Density analysis by another name

6th December 2011

I was recently writing a geoprocessing model to calculate the density of a point feature class from which all the areas above a specific threshold could be selected. I had been thinking about writing this for a while and had in mind the process I would use, but I soon discovered that I didn’t understand how the Density tools in Spatial Analyst work and would need to find an alternative.

The Density toolset in the Esri Spatial Analyst extension contains three tools: Kernel Density, Line Density and Point Density. I had thought that I would run the Point Density tool and then use the Raster Calculator or even the Contour tool (which would have taken me straight to vector format) to select out the areas above my threshold.

But I hadn’t taken into account the method by which the Point (and Line) Density tool calculates the output cell values. The ArcGIS Desktop 10 help says:

By calculating density, you are in a sense spreading the values (of the input) out over a surface. The magnitude at each sample location (line or point) is distributed throughout the study area, and a density value is calculated for each cell in the output raster.

It was the last part that I hadn’t thought about: a ‘density value’ is calculated for each cell in the output raster. What unit would the density value be in?

Let me give an example. You are analysing population density and want to identify all the areas where the density is greater than 500 people per square kilometre. You open the Point Density tool, choose the neighbourhood, and set the units to square kilometres.

You’ve set the units to square kilometres so the values of the cells in the output raster are ‘number of people per square kilometre’. Right? Well, sort of.

The Point Density tool totals the number of points that fall within a neighbourhood, applies your population weighting if you have chosen one, and then divides this total by the area of the neighbourhood. It then applies a scaling factor according to the area units you selected.

An example is a farm house with a population of 4 and no other houses nearby. The Point Density tool will total the number of points within the neighbourhood (1 farm house), weight it by the population field (4 people) and divide it by the area of the neighbourhood (in the example above a 250m circle, or 196,349.5m2). As the units were set to square kilometres the resulting figure (0.00002037) is multiplied by 1,000,000 (the number of square metres in a square kilometre) giving a cell value of 20.37. But what does that mean?

My head says that logically there are 4 people living in the area, but my density raster gives me a value of 20.37. Now apply this to a city, or a country, and how do I now select out areas above my threshold of 500 people per square kilometre? This was especially confusing as I wasn’t modelling population, I was modelling energy use. I wanted to identify areas where the demand for energy was high. The output units were simply not what I was expecting.

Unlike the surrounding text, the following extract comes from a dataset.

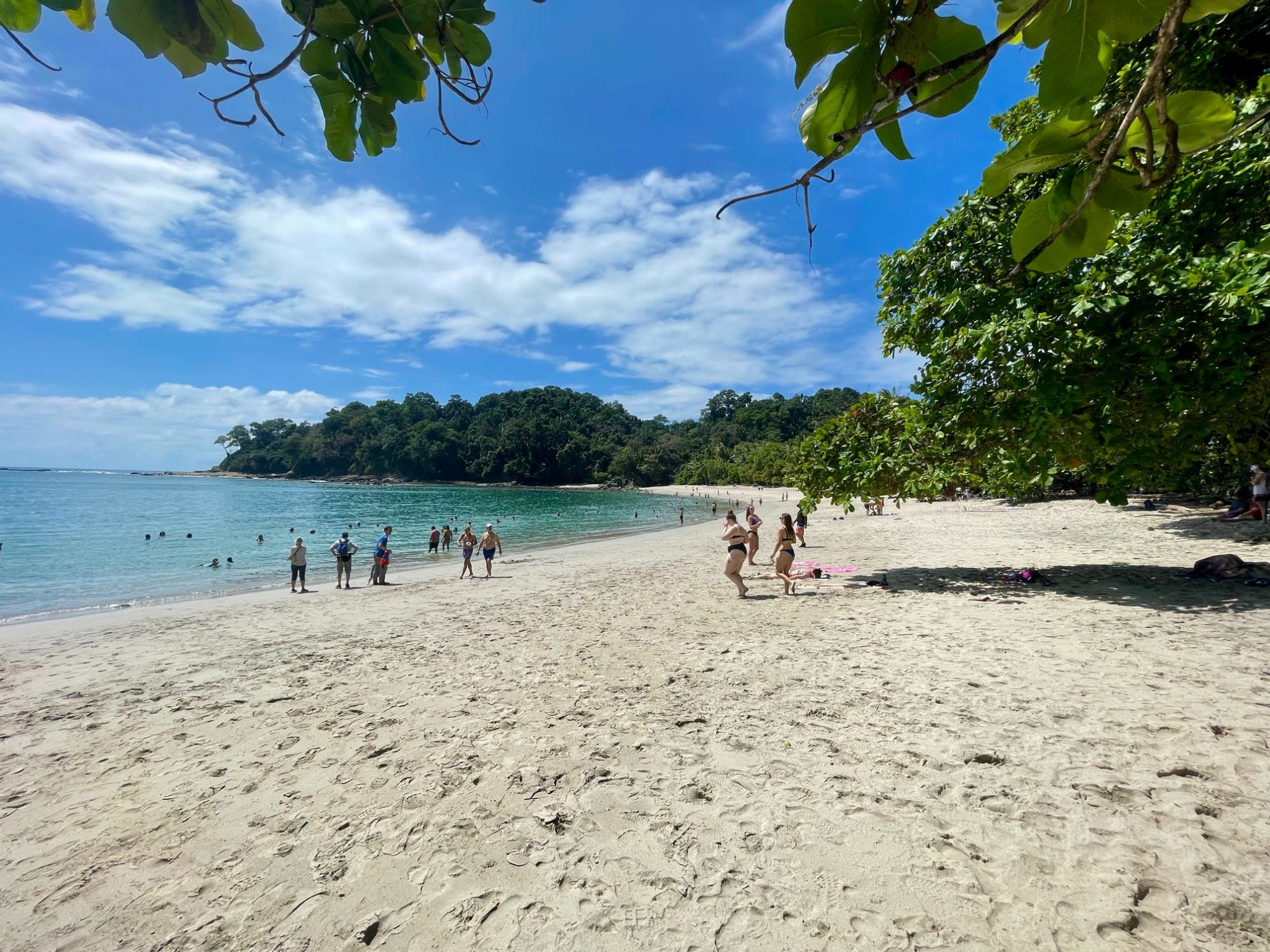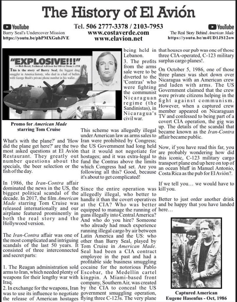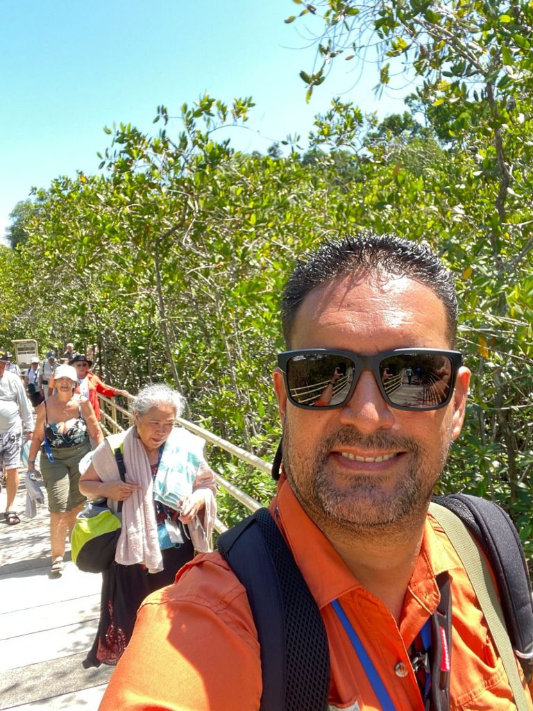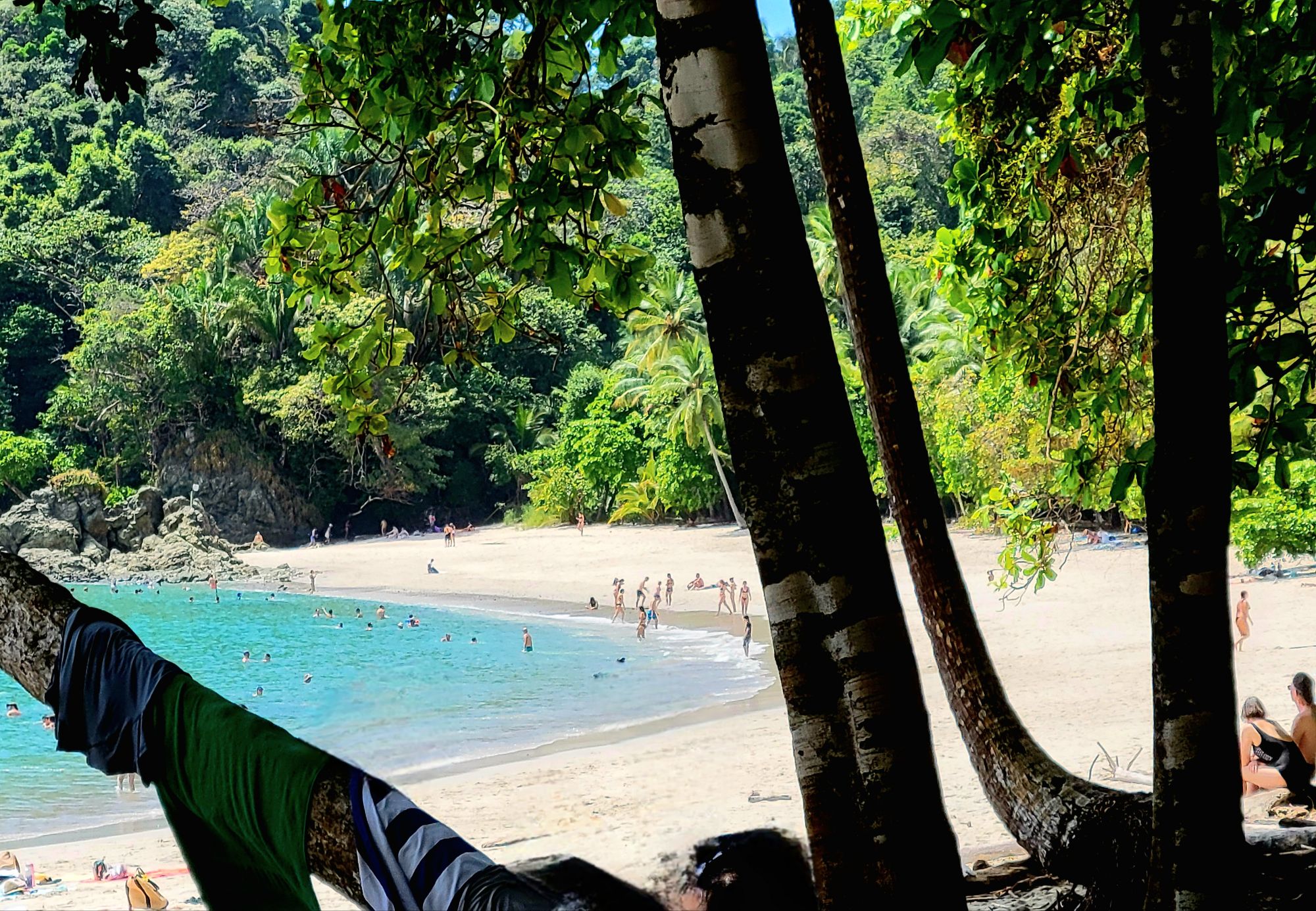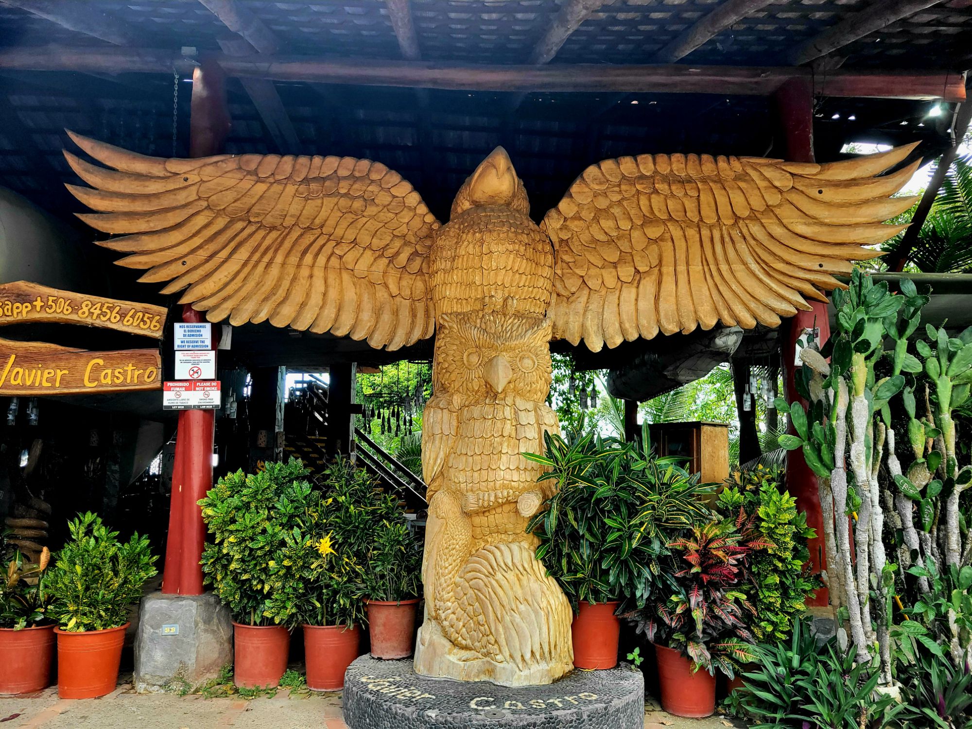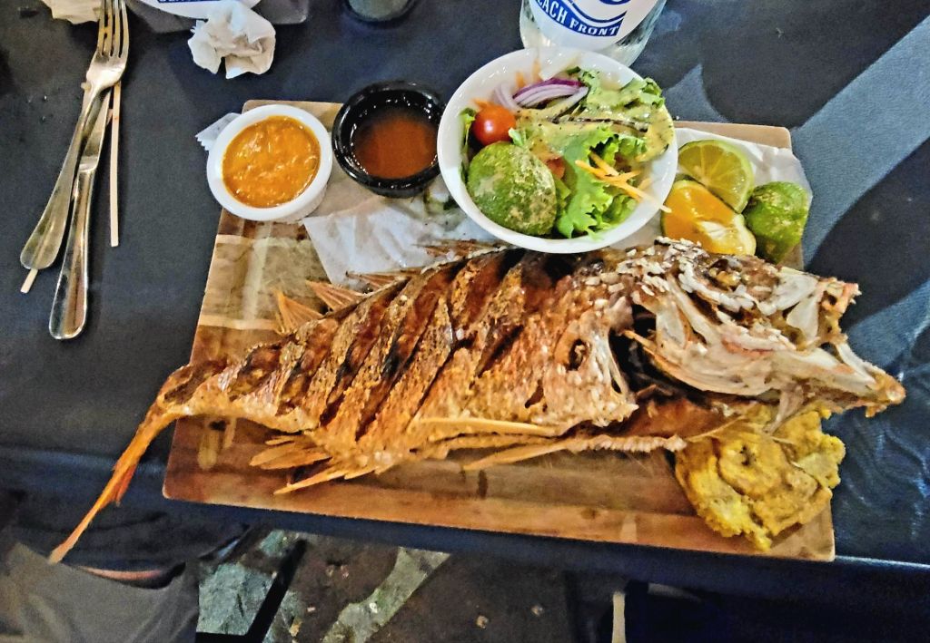 An early morning start needed an alarm. Breakfast at 6:30 am an on the bus at 7:30am. Off to the world-famous Manuel Antonio National Park. We needed an early morning start because it could be very crowded. The 2 hour drive seemed long, but very interesting. Ozzy gave us a lot of history of the area and of Manuel Antonio NP. We had to leave the bus and walk about 500 yards slightly uphill on a gravel path to the entrance of the park. We did have to wait in line to get into the park but were entertained by a white-faced spider monkey. Unfortunately, I didn’t get a picture. Once in the park, we spent about an hour walking 3/4 mile, sometimes flat, sometimes a slight grade uphill. It was a much wider path and it wasn’t difficult, but you did have to pay attention to where you were walking. We stopped often to view different trees, birds, lizards and sloths. Did I mention that we were in a tropical rain forest, and it was extremely humid. The pictures I’m posting were all taken today by either myself, Ozzy or a member of our group. When we reached the top of the hill, we took a right and headed toward the reward for our hot, sweaty walk …. the beach and the Pacific Ocean. We couldn’t wait to get in and the water temperature was perfect. The beach was white sand and the bottom of the ocean was also sand. So enjoyable. We stayed in about 45 minutes. No waves, no sharks, no fish. Head out on the sand path by the ocean through the Tropical Dry Forest. We then began our hike back through the Mangrove Swamp Forest. It was a nice deck-like walkway, about 8 feet wide and about again 3/4 mile long, back to the entrance of the park. Then back the small gravel path to the bus. Our next stop was in Quepos for lunch at El Avion. What a treat. We had a great meal, Pat said the best cerviche yet and my chicken Nachos were great. The pictures of the place will tell it’s own story. After the long drive back, it was a nice dip in the pool. Dinner was at Coco’s on the beach. Great margaritas, delicious fish, absolutely beautiful setting and priceless memories with new friends.

So I went back to the drawing board, or in this case the Desktop online help. I eventually came across the Neighbourhood toolset, containing six tools which I had never used before: Block Statistics, Filter, Focal Flow, Focal Statistics, Line Statistics and Point Statistics.

It was the last one that caught my eye. The help says that the Point Statistics tool calculates statistics on point features that fall in the neighbourhood around each output raster cell. The statistics available include mean, majority, maximum, minimum, standard deviation and most importantly for me, sum. What if I summed the energy demand in a neighbourhood? If I know the area of the neighbourhood is one square kilometre, then I know the output cell values are ‘energy demand per square kilometre’.

I soon realised that this was what I wanted. I was using the energy data to find locations where local demand was high enough to support a Combined Heat and Power (CHP) plant. CHP plants create electricity from fuel and circulate the heat produced through a network of pipes to provide hot water for radiators and taps. To make the most of this efficient process there has to be sufficient local demand for hot water, preferably as close as possible to the source.

From here on in it was easy. I decided to use the Reclassify tool to classify areas above the energy demand threshold as 1 and areas below as NoData, and then the Raster to Polygon tool to convert the areas to vector. This gave me polygons within which the density (or sum!) of energy demand met my threshold and would therefore support a CHP plant.

So, in conclusion, if you are doing density analysis, take a look at the Neighbourhood toolset to see if it could help you. Although not advertised in the Desktop help using the word density, I think it has useful parallels.

Before you start out, think carefully about what it is you want to do. I had thought that I was doing traditional density analysis, but knowing that ultimately I wanted to know the sum of something within a defined area might of helped me get there quicker.

Finally, don’t underestimate the ArcGIS help. After 8 years of specialising in Desktop I still use the help most weeks and always learn something new.